A Snapshot of U.S. Household Debt

As a country, the U.S. owes its bondholders almost $13.4 trillion. As individuals, Americans owe about $11.2 trillion. Unlike the national debt, however, household debt recently fell--for the first time in four years.

For the first time since early 2006, total household loan delinquency rates declined in 2010Q2. As of June 30, 11.4% of outstanding debt was in some stage of delinquency, compared to 11.9% on March 31, and 11.2% a year ago, according to a chart-rich report from the Federal Reserve Bank of New York.

Currently about $1.3 trillion of consumer debt is delinquent and $986 billion is seriously delinquent (at least 90 days late or “severely derogatory”). Delinquent balances are now down 2.9% from a year ago, but serious delinquencies are up 3.1%.

Aggregate consumer debt continued to decline in the second quarter, continuing its trend of the previous six quarters. As of June 30, 2010, total consumer indebtedness was $11.7 trillion, a reduction of $812 billion (6.5%) from its peak level at the close of 2008Q3, and $178 billion (1.5%) below its March 31, 2010 level. About three-quarters of household debt consists of mortgages.

The number of credit account inquiries within six months – an indicator of consumer credit demand –ticked up for the first time since 2007Q3. Credit cards have been the primary source of the reductions in accounts over the past two years, and during 2010Q2 the number of open credit card accounts fell from 385 to 381 million. The number of open credit card accounts on June 30 was down 23.2% from their 2008Q2 peak.

About 496,000 individuals had a foreclosure notation added to their credit reports between March 31 and June 30, an 8.7% increase from the 2010Q1 level of new foreclosures. Arizona, California, Florida and Nevada continue to indicate higher than average delinquency and foreclosure rates.

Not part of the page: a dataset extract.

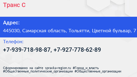 Транс-С по адресу 445030, Самарская область, Тольятти, Цветной бульвар, 7 в дальнейшем Организация, размещена в следующих категориях:
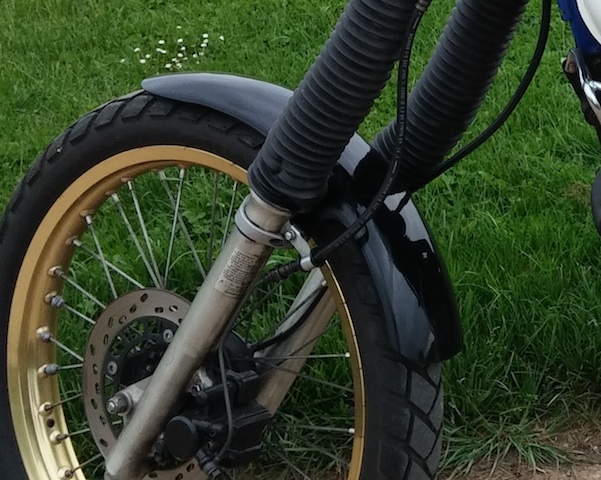 Ich kann das nicht richtig erkennen, aber ist das eine Ölspur die da auf der Rückseite deiner Gabel runterläuft oder ist das Dreckwasser? Das interressiert den TÜV auf jeden Fall, mehr wahrscheinlich als ein adaptierter Kotflügel.

New bankruptcies noted on credit reports rose over 34% during the quarter, from 463,000 to 621,000. While we usually see jumps in the bankruptcy rate between the first and second quarter of each year, the current increase is higher than in the past few years, when it was around 20%.

Mortgage originations fell another 4.1% between 2010Q1 and 2010Q2, to $364 billion. While mortgage originations in 2010Q2 were 20.6% above their 2008Q4 trough, they remain more than 50% below their average levels of 2003-2007. Auto loan originations rose 25% in the second quarter, and were nearly 32% above their trough levels of 2009Q1. Still, auto loan origination balances remain well below their levels of 2005-2006.

About 2.6% of current mortgage balances transitioned into delinquency during 2010Q2, continuing the decline in this measure observed over the last year. Transitions from early (30-60 days) into serious (90 days or more) delinquency improved sharply in 2010Q2, falling from 39% to 33%, the lowest rate of deterioration since 2008Q2.

Nonetheless, despite recent improvements in this rate and the “cure” rate – transitions from delinquency to current status, which rose to nearly 30% – both remain at very unfavorable levels by pre-crisis standards.